Anaphiel's name means “branch” referring to the branches of the crown. He is compared to the Creator whose glory covers the heavens. 2 Enoch in describing the Garden of Eden gives beautiful imagery which relates to this idea. It says:

“And in the midst of the trees that of life, in that place whereon the Lord rests, when he goes up into paradise; and this tree is of ineffable goodness and fragrance, and adorned more than every existing thing; and on all sides it is in form gold-looking and vermilion and fire-like and covers all, and it has produce from all fruits.” (2 Enoch 8:3)

Here it describes the Tree of Life amid the Garden of Eden as the resting place of God, in Sefer Hekhalot this is the place from which the Shekhinah is taken. In the description here the Tree is like a fiery all encompassing canopy which stretches over all of paradise, it is the adornment of the divine glory and divine harmony throughout the Garden.

The crown of branches described by Anaphiel's name is the same. Sefer Hekhalot in Chapter 18 is worded very similarly to the passage of the Greater Hekhalot. It further notes the other angels removing their crowns of glory when they lay prostrate before Anaphiel. Anaphiel is also sometimes noted as ministering to the Lord by placing and removing his crown of glory for him. His name and function is very much tied to the crown, him being the Branches in whom are the name of the Lord. He is the act of investiture of divine Glory.

This is consistent in his treatment. He brings Enoch to heaven that Enoch may be so invested in divine glory that he is consumed by fire and becomes the Metatron, the Lesser YHVH. He carries the ring of the seal of Heaven and Earth, which is the ring given to Solomon so that he might possess the Ruakh HaKodesh and its wisdom. His name reflects the crown of the divine and its overshadowing glory, which is the very nature of the Tree of Life and the presence of the Shekhinah on Earth. He is the only angel before whom the other angels prostrate themselves in praise.

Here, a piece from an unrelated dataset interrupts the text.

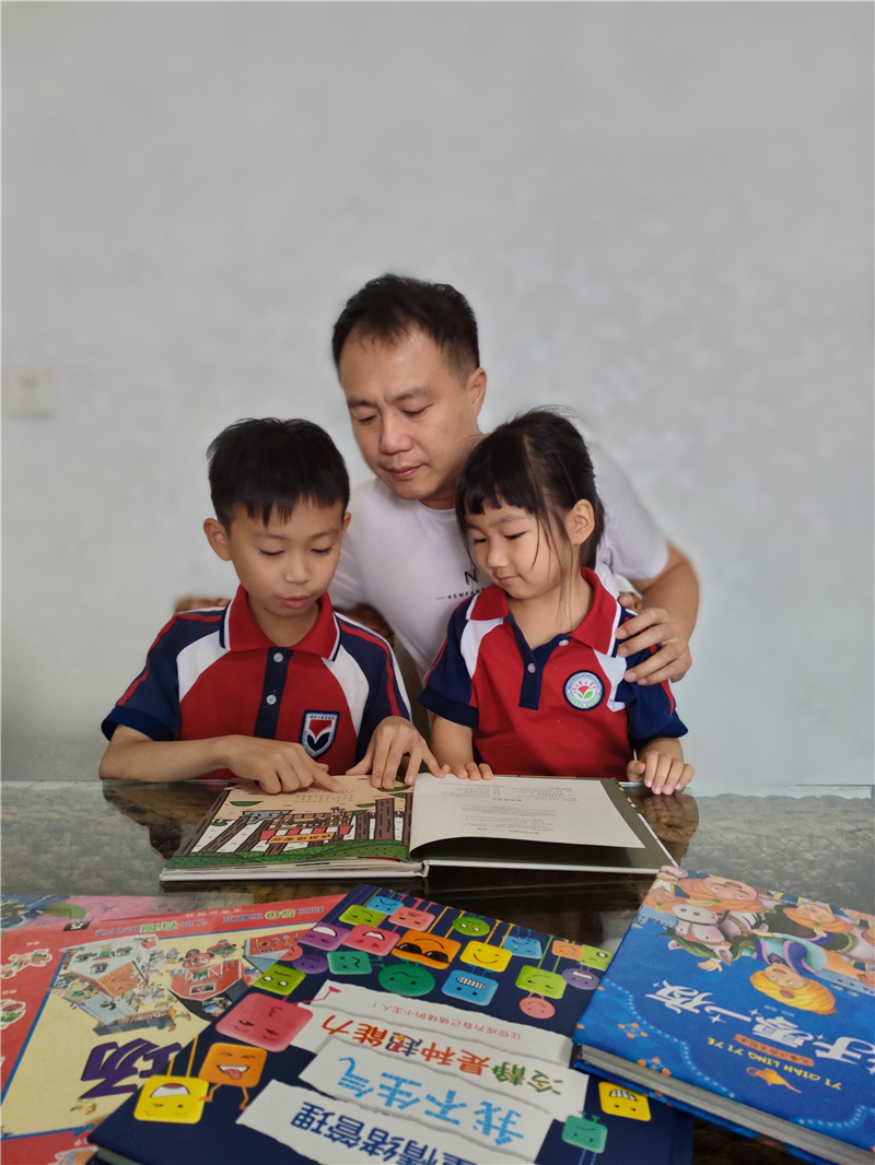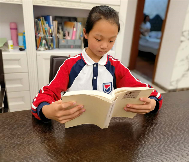 全家都非常热爱读书,家里藏书众多,从小就培养孩子的阅读习惯。制定有效的阅读计划:1.每天至少阅读半小时,并和家长分享阅读感受。2.周末亲子听、看故事,适时进行童话剧表演。3.设计每月读书表格,激励孩子阅读。邝诗同基本每月能读完两本近10万字的文学名著。

One final quotation from the Greater Hekhalot will clarify the meaning of his nature:

“And why is he more lovely and beloved than all the [other] door-keepers of the palaces? Because he openeth the doors of the entrance of the seventh palace and closeth them before the throne of glory which is set high and standeth opposite the entrance of the seventh palace.”

He is the angel who gives access to the Chamber of the Throne and even brings the mystic into the Throne presenting him to the Merkavah and preventing the angels from destroying him. He facilitates what the Creator ultimately wants, for the mystic to achieve success and be brought into union with the Throne.

All of this explains the magic ring. We can get whatever ring we want, and wear it on whatever finger we want and dance around in circles and pretend to be magical, but doing all of that is really rather silly. The true magic ring is a sign of the presence of divine grace within the one who bears the ring. It is a sacrament, an outer sign of an inner state. The magician who possesses the true ring is in communion with the Prince of the Presence, the Angel in whom is the name of God, or, in our modern magical vernacular, the Holy Guardian Angel. The ring likewise bears the great name and sign of God, as does the soul of the magician who has the right to wield the ring. The process by which the magician receives the ring is the beginning of the process of moving through the Chambers to stand in the presence of the Throne, the process by which the magician gains Mastery and becomes like the Metatron, the Lesser YHVH.

When you have properly received the ring, and then in future works you put on the ring, consider this angel's nature. By putting on the ring you wear the fiery crown of branches that harmonizes creation within the divine glory. By putting on the ring you are united with the Shekhinah, the Ruakh HaKodesh, the divine presence on earth. You have the divine authority literally at your finger tips, because, you, like Enoch, are beloved of the Creator, and you're on the road to his Throne.